Didn't think 'illest' rhymed with 'syphilis'?

Published May 1, 2007

Lil Wayne calls himself the best rapper alive. Is the claim debatable? Of course.

But Wayne, during the past year or so, has made about as strong a case as anybody in contemporary rap.

At the least, he has the highest quantity of evidence in his favor. Last year alone saw him release two of the best rap albums of 2006: the grossly underrated Birdman-assisted Like Father, Like Son, and the torrential (and mixtape pinnacle) Dedication 2. Since his 2005 career-defining (and last solo studio album) Tha Carter II, Wayne has put out something to the tune of more than 20 official or unofficial mixtapes. (And that doesn't even include his featured slots on other artists' singles and or appearance on remixes.)

In short, Wayne is a workhorse in every sense of the term — and damn if it isn't refreshing. Here is a guy who's hit his prime in an era where it's more fashionable to use rap than to love it, but Wayne is truly married to the game. He's said before that he wouldn't rap if he couldn't make money, but don't buy that. He isn't making a dime off these mixtapes, but he pumps them out at an assembly line pace.

What's more impressive than the love for his craft is the fact that every mixtape remains increasingly listenable. The aforementioned Dedication 2 is better than 95 percent of actual albums released in the past two or three years. In December, he made the Lil Weezyana Vol. 1 tape available for free on his Web site. It seemed like a sure throwaway, but instead, it features some of Wayne's best work to date.

Consider that Wayne has recorded and released something like more than 500 verses within the past year and a half, and there truly isn't a bad or average one among them.

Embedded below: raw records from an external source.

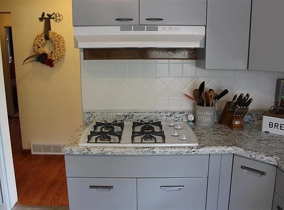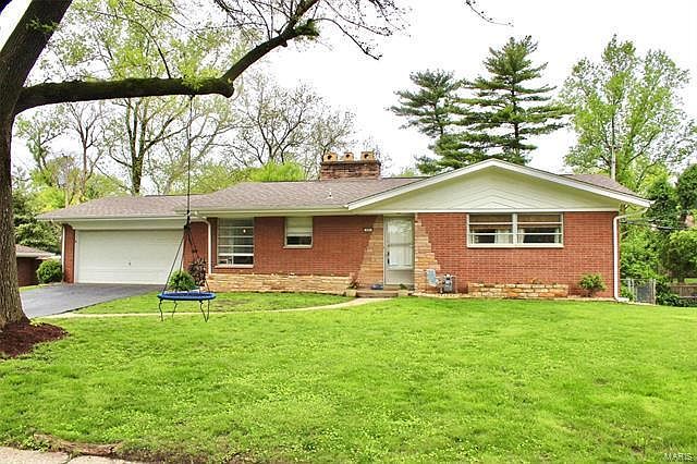 A brick and stone Belleville home featuring stone flowerbeds, great landscaping and a 2 car attached garage with additional storage space. Entering into the foyer to the left is the newly painted eat-in kitchen. The spacious living room hosts a stone wall with wood burning fireplace and and a storage closet. A large 16 x 12 sun room is not included in the square footage. Coat closet in the hall. Master bedroom with ceiling fan connects to the full hall bathroom. A second bedroom with ceiling fan finishes up the main floor. The lower level has a huge great room with exposed brick wood burning fireplace, large bar as you enter the great room and another smaller floating bar at the other end. An additional bonus room with access to the unfinished area. A bathroom featuring shower only. Laundry area is massive with plenty of cabinets and counter-tops for folding! Nice sized covered patio in the fully fenced backyard! This home is a must see! 1 year HMS Warranty Included!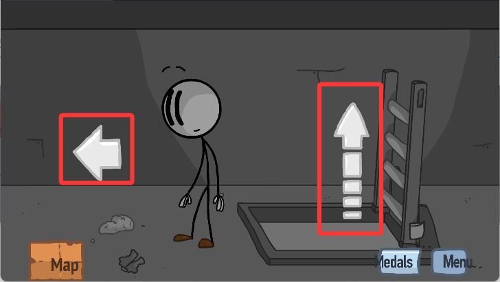 3、开始游戏后需要点击场景里的交互按键,逃离监狱。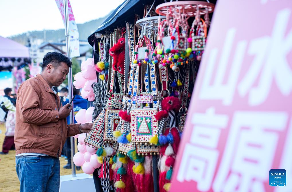 A tourist shops for handmade bags at a fair in Nyingchi City, southwest China's Xizang Autonomous Region, April 3, 2026.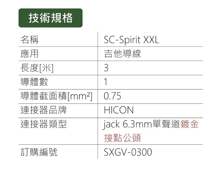 SC-Spirit XXL 吉他手的夢幻線材!這款線材是全球專業樂手的首選,被譽為樂器線材市場的終極標竿。憑藉特殊絞線技術、1×0.75mm2 超粗線芯與雙重屏蔽(碳纖維屏蔽層+銅隔離網),它在市場上幾乎沒有對手!不僅擁有極低的信號損耗,確保純淨無染的音色輸出,還具備優異的抗雜訊性能。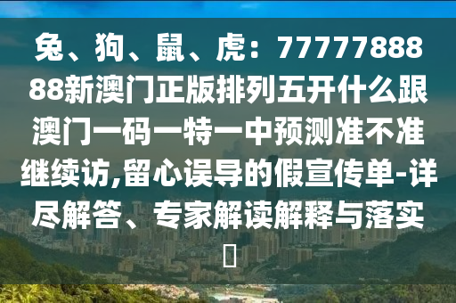 兔、狗、鼠、虎:7777788888新澳門(mén)正版排列五開(kāi)什么跟澳門(mén)一碼一特一中預(yù)測(cè)準(zhǔn)不準(zhǔn)繼續(xù)訪(fǎng),留心誤導(dǎo)的假宣傳單-詳盡解答、專(zhuān)家解讀解釋與落實(shí)?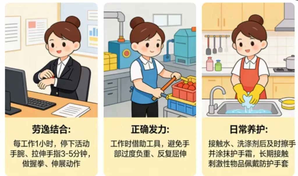 2.正确发力:工作时学会借助工具,避免手部过度负重、反复屈伸,减少手腕和手指的压力。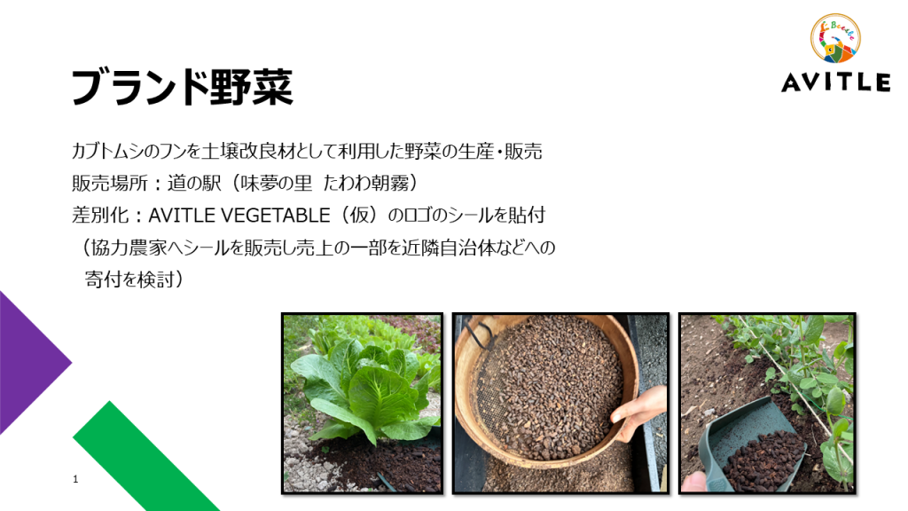 廃菌床で何かできないか考えていたところ、屋外に積み重ねていた廃菌床にカブトムシの幼虫が育っているのを見つけました。菌床はカブトムシにとっては住みやすい環境になっていることがわかり、廃菌床を活用してカブトムシ育成を考えました。
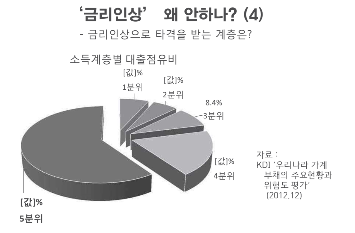 저소득층은 대출을 받고 싶어도 못 받아요. 그런 저소득층이 금리 인상하면 금리부담이 더 크다는 주장은 악의적인 거짓말이죠.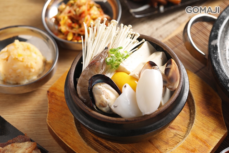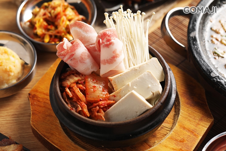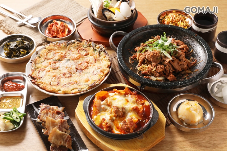 〈肉品:厚切豬五花/Okay秘醬牛/Okay秘醬豬/醃漬梅花豬 四選二 + 必嚐起司春川辣炒雞一份 + 海鮮煎餅一份 + 石鍋拌飯/湯品 二選一(湯品可選:海鮮豆腐辣湯/泡菜辣湯/大醬湯) + 五種韓式小菜無限供應〉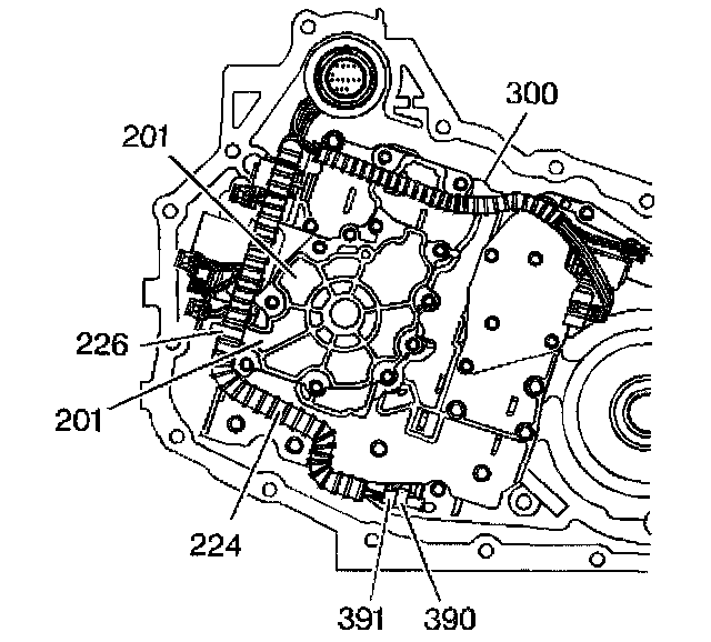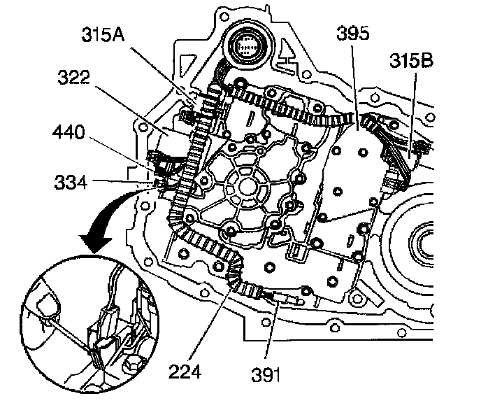 2. Use a small flat-bladed tool in order to remove the wiring harness from the solenoid valve(s) (315A, 315B, 322, 334 and/or 440), TFP manual valve position switch (395) and/or the temperature sensor (391).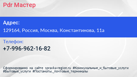 Pdr Мастер по адресу 129164, Россия, Москва, Константинова, 11а в дальнейшем Организация, размещена в следующих категориях:
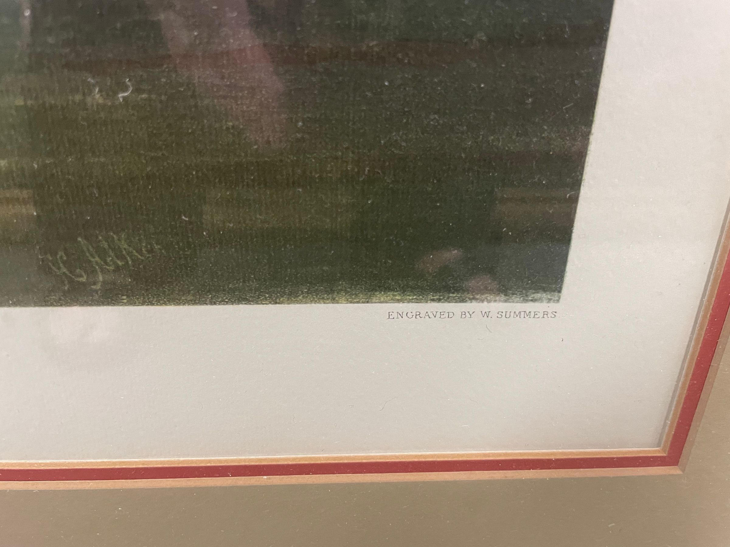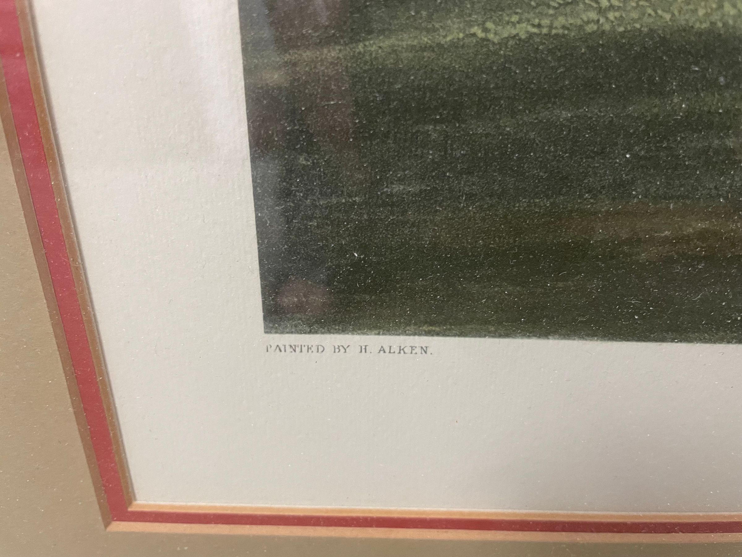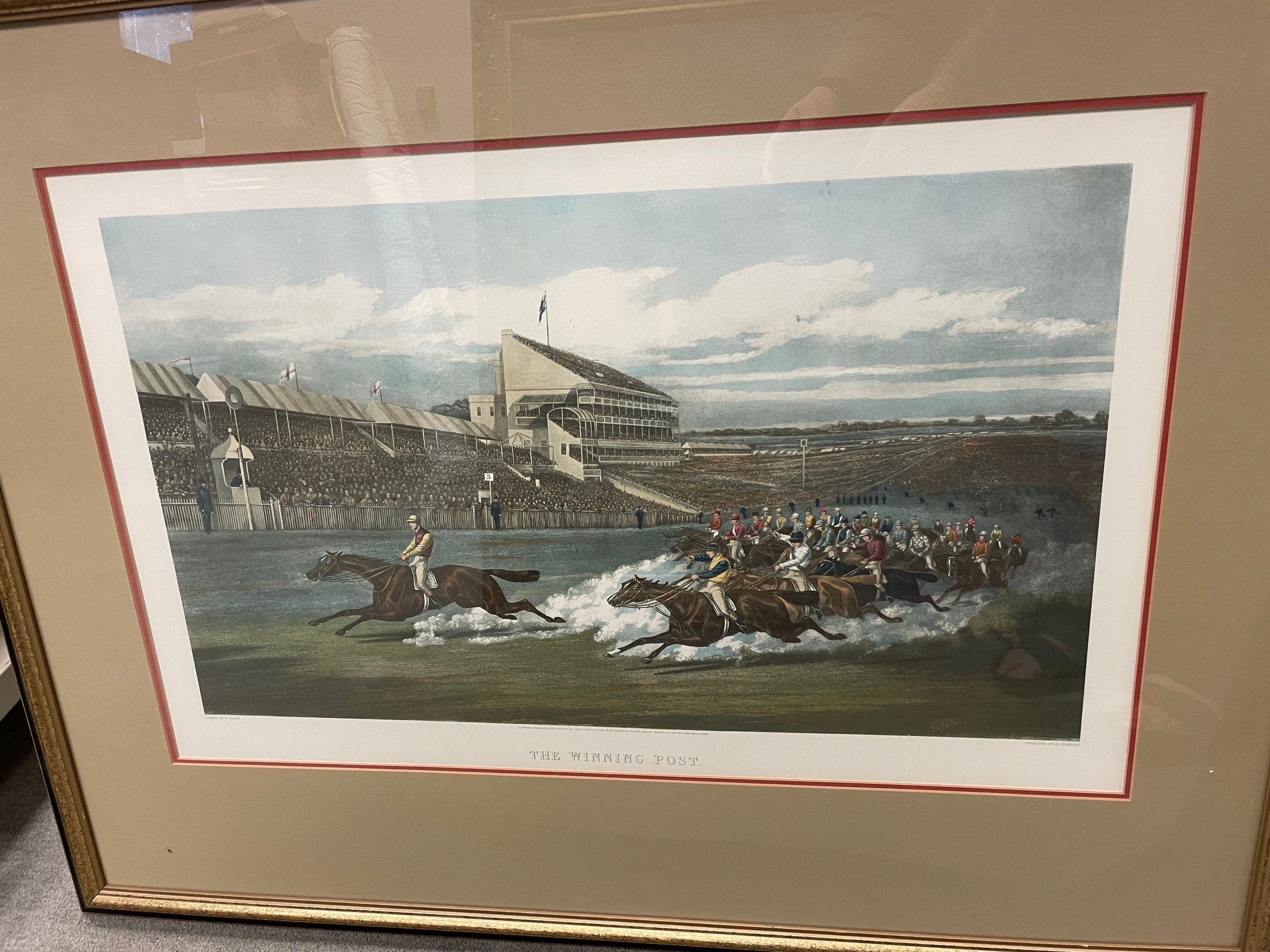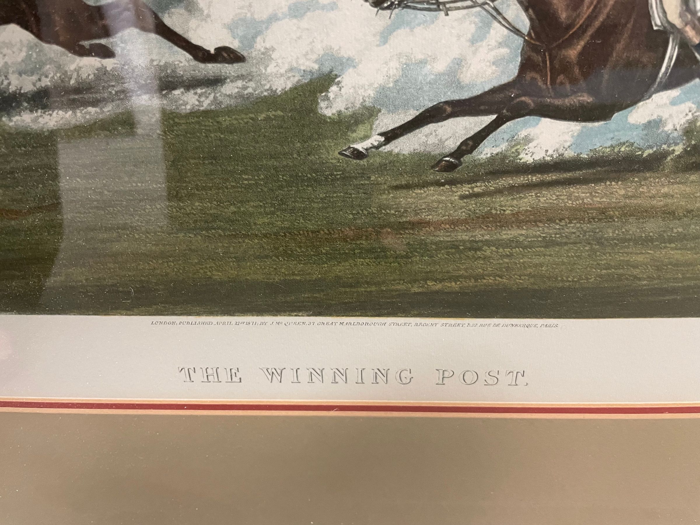 Titles the Winning Post, this is a print of artwork created by Henry Alken. Depicts a horse race with a group of horses with riders racing from right to left. One rider is out front. There is a grandstand in the background filled with people. Published by J. McQueen.Made/Created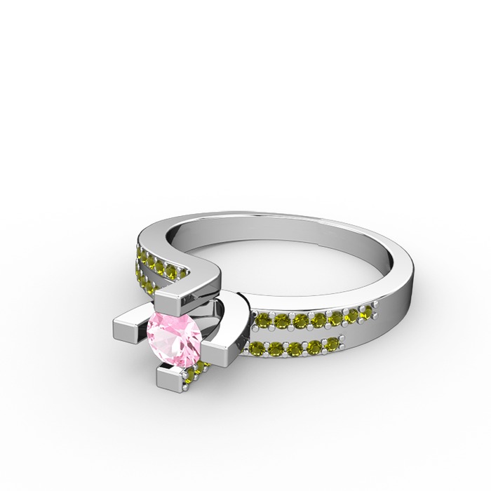 Pembe kuvars ve peridot 925 ayar gümüş yüzük

So expecting Da Drought 3 to be anything less than exceptional would be foolish, and of course, it is exceptional. On the tape's 25 or so tracks, Wayne does what he does best: jack other rappers and singers' beats and reclaim them as his own with jaw-breaking punchlines and a flow that twists, turns, tumbles and crashes like the Mississippi River.

What's more, Da Drought 3 is even more evidence that Wayne remains as one of the only rappers in the game that still consistently challenges his listeners. Didn't think "illest" rhymed with "syphilis"? Well when Wayne announces that his flow is "nasty as see-why-phillus," it not only now rhymes, but it's pure genius.

And this isn't nonconforming for the sake of nonconforming. After listening to Da Drought 3, it becomes apparent that his genius is stream of conscious or even subconscious. Its almost as if Wayne's person is merely a mouthpiece for Wayne's uncontrollable brain, but to only say that Da Drought 3 is "cerebral" would be a crime.

It's cerebral, yes, but it's an artifact of a revolution brought on by one man who is displaying completely alien ways of addressing the mundane. For comparison, Juicy J says he's "on the scene, drinkin' lean." Wayne says: "A pint of that DJ Screw and that Hawaiian/ I am... leanin' like a three-legged lion."

Where you stand on old rap vs. new rap, or conscious rap vs. drug rap, or lyrics vs. flow, or the South vs. everybody else is completely irrelevant. Lil Wayne is not only the best rapper alive, but he's the best singular artist alive. And that, kids, is not hyperbole.